This project involves a comprehensive analysis of a wholesale distributor's customer data. The goal is to segment customers based on their annual spending in various product categories. The analysis includes data preprocessing, exploratory data analysis (EDA), clustering (using KMeans and Agglomerative Clustering), and Principal Component Analysis (PCA).
The dataset used is the 'Wholesale customers data set' from Kaggle, which includes data on customers' annual spending in diverse product categories like Fresh, Milk, Grocery, Frozen, Detergents_Paper, and Delicassen.
Ensure that you have the following Python libraries installed:
- Pandas
- NumPy
- Matplotlib
- Seaborn
- SciPy
- scikit-learn
To install these, run:
!pip install pandas numpy matplotlib seaborn scipy scikit-learn
Data Download: Use Kaggle's API to download the dataset.

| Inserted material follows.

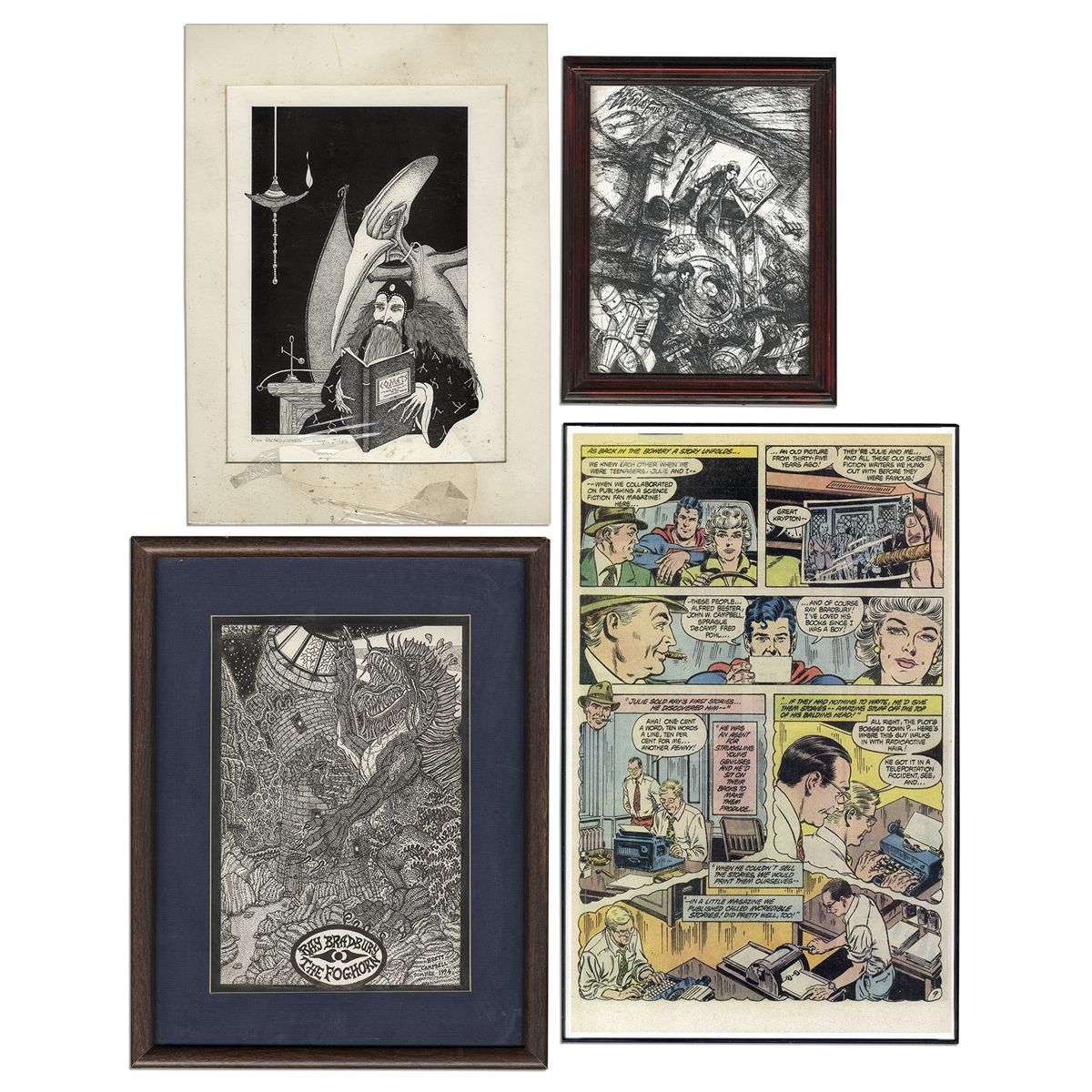 Ray Bradbury Owned Lot of 4 Artworks -- Framed Page From Superman Comic #411 Depicting a Young Ray Bradbury + 3 Fan Illustrations -- 11.25'' x 17.5'' -- Very Good -- With COA From Estate

Data Exploration: Load and explore the dataset using Pandas.
Data Visualization: Visualize data distributions and correlations using Seaborn and Matplotlib.
Outlier Detection: Identify and remove outliers using the Interquartile Range (IQR) method.
Data Normalization: Normalize data using Min-Max Scaler for effective clustering.
Clustering Analysis: Perform KMeans and Agglomerative Clustering to segment customers.
Principal Component Analysis (PCA): Reduce dimensionality and analyze principal components.
The project identifies distinct customer segments, providing insights for targeted marketing and inventory management.
Features like Milk, Grocery, Detergents_Paper, Delicassen, and Fresh are significant in explaining the variance in the dataset.
Regional differences in purchasing patterns are evident, informing regional marketing strategies.
PCA reduces the dataset's dimensionality while retaining significant variance, aiding in analysis and modeling.
This analysis offers valuable insights into the wholesale distributor's customer base, which can be utilized for informed decision-making in various business operations.